======== Dataset content ========
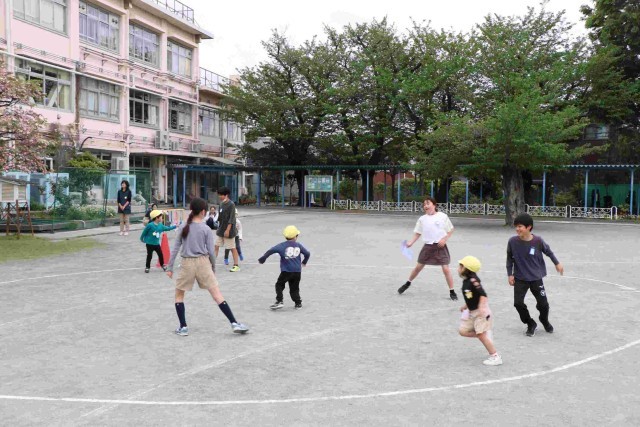 腰をかがめて高さを合わせてあげたり、「だるまさんが転んだ」で止まるときに「今、止まるよ」と教えてあげたり、園児の立場に立って気遣ってあげている姿が優しかったです。
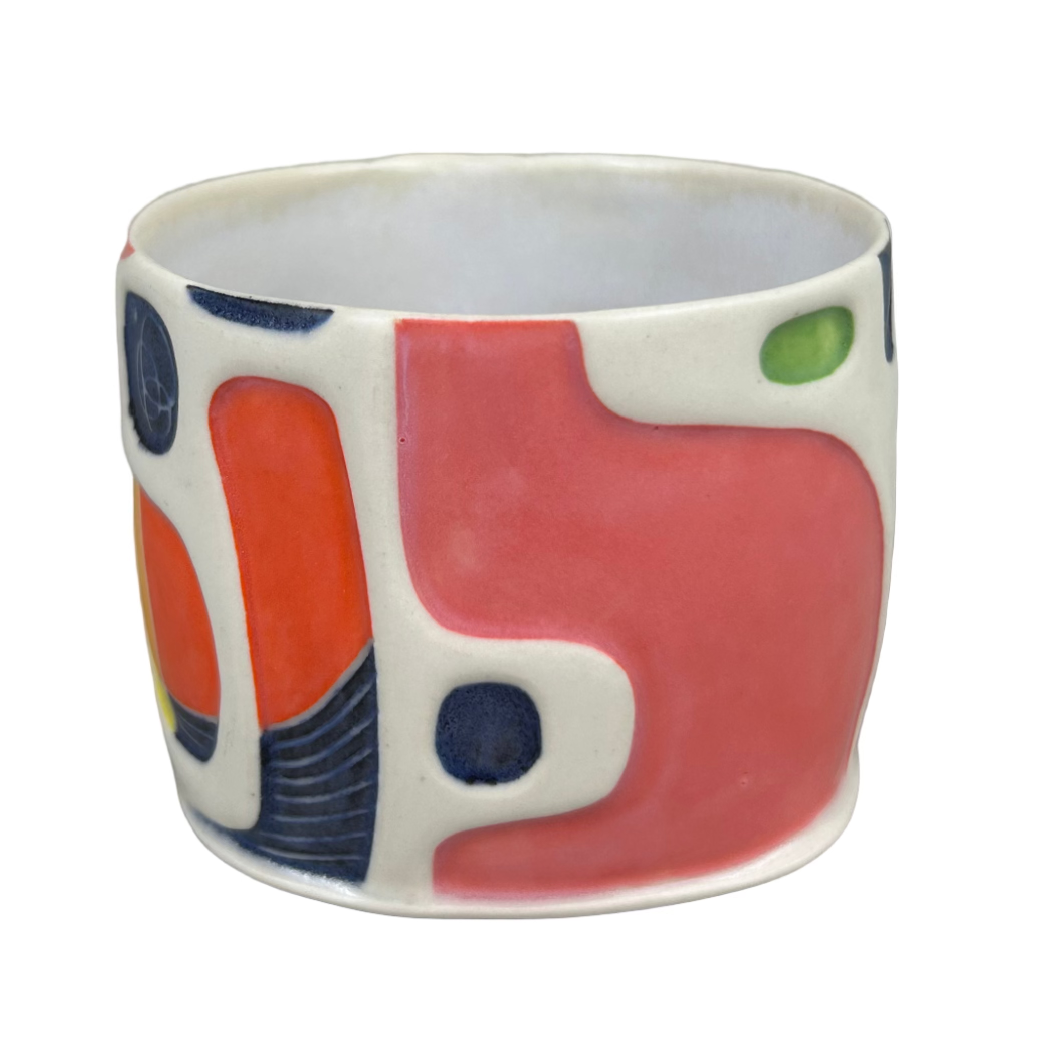"This unique handmade porcelain americano mug / cup is one of a kind. The embossed relief design heightens the tactile experience. Great for texture lovers! The high-footed, press-molded bottom lifts the cup off the table, and creates a slight ledge at the meeting of the cup walls. The outside surface is mindfully handpainted with underglazes in an abstract, graphic composition, detailed throughout with sgraffito carving. A combination of glossy and satin clear glaze completes the final outer finish.
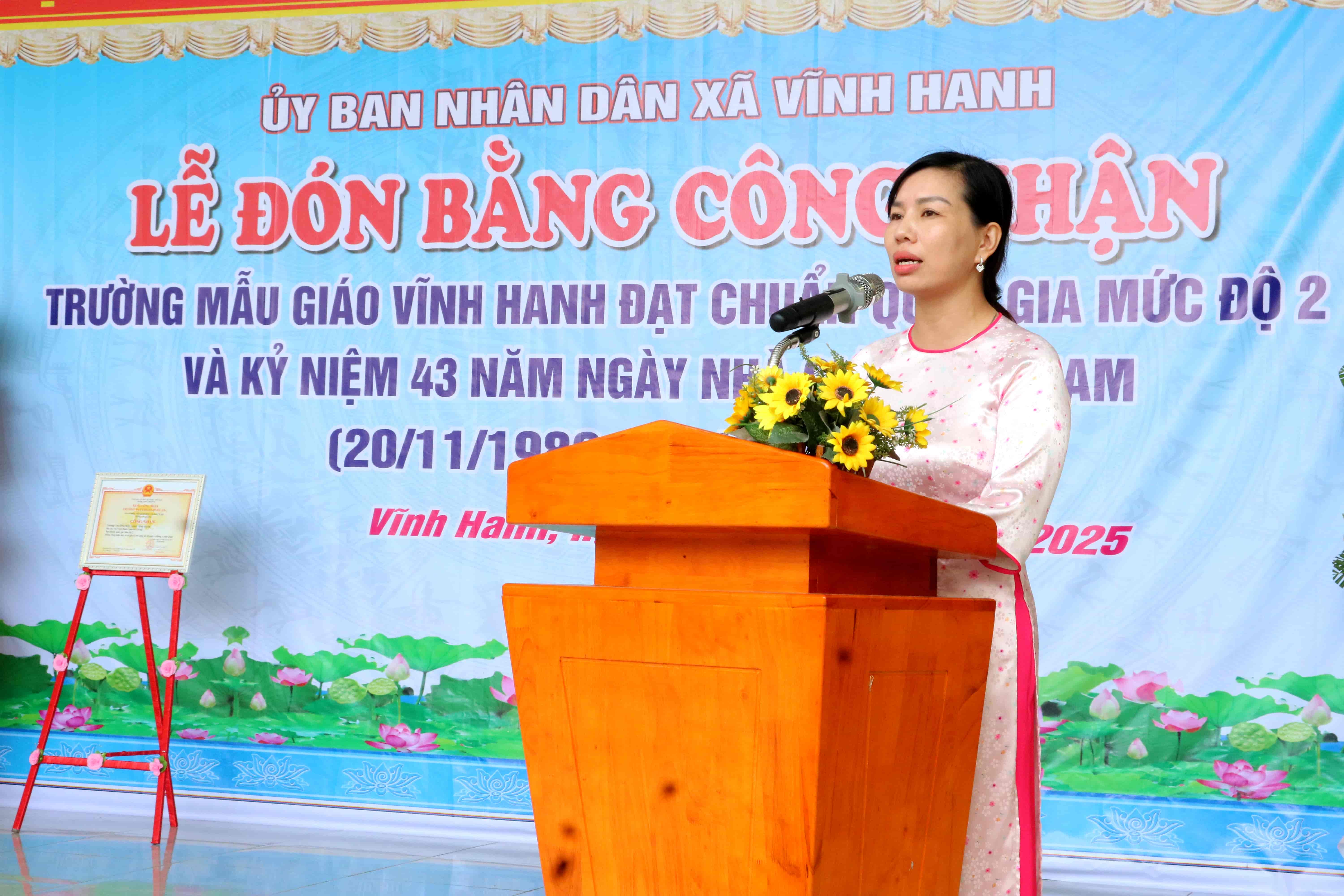 Đồng chí Tạ Thị Xuân – Hiệu trưởng Trường Mẫu giáo Vĩnh Hanh phát biểu tại Lễ đón bằng công nhận.
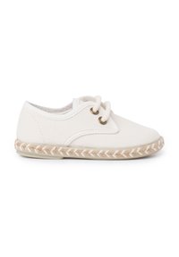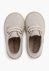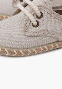 Chaussure en toile beige à bout rond, avec des coutures décoratives et deux œillets. Elle possède une semelle en jute tressé pour une texture et des détails supplémentaires.
========
▸ **Description of the task**
Go through the listing above and retype each line exactly, apart from the pictures.

▸ **Answer section**
 腰をかがめて高さを合わせてあげたり、「だるまさんが転んだ」で止まるときに「今、止まるよ」と教えてあげたり、園児の立場に立って気遣ってあげている姿が優しかったです。
"This unique handmade porcelain americano mug / cup is one of a kind. The embossed relief design heightens the tactile experience. Great for texture lovers! The high-footed, press-molded bottom lifts the cup off the table, and creates a slight ledge at the meeting of the cup walls. The outside surface is mindfully handpainted with underglazes in an abstract, graphic composition, detailed throughout with sgraffito carving. A combination of glossy and satin clear glaze completes the final outer finish.
 Đồng chí Tạ Thị Xuân – Hiệu trưởng Trường Mẫu giáo Vĩnh Hanh phát biểu tại Lễ đón bằng công nhận.
 Chaussure en toile beige à bout rond, avec des coutures décoratives et deux œillets. Elle possède une semelle en jute tressé pour une texture et des détails supplémentaires.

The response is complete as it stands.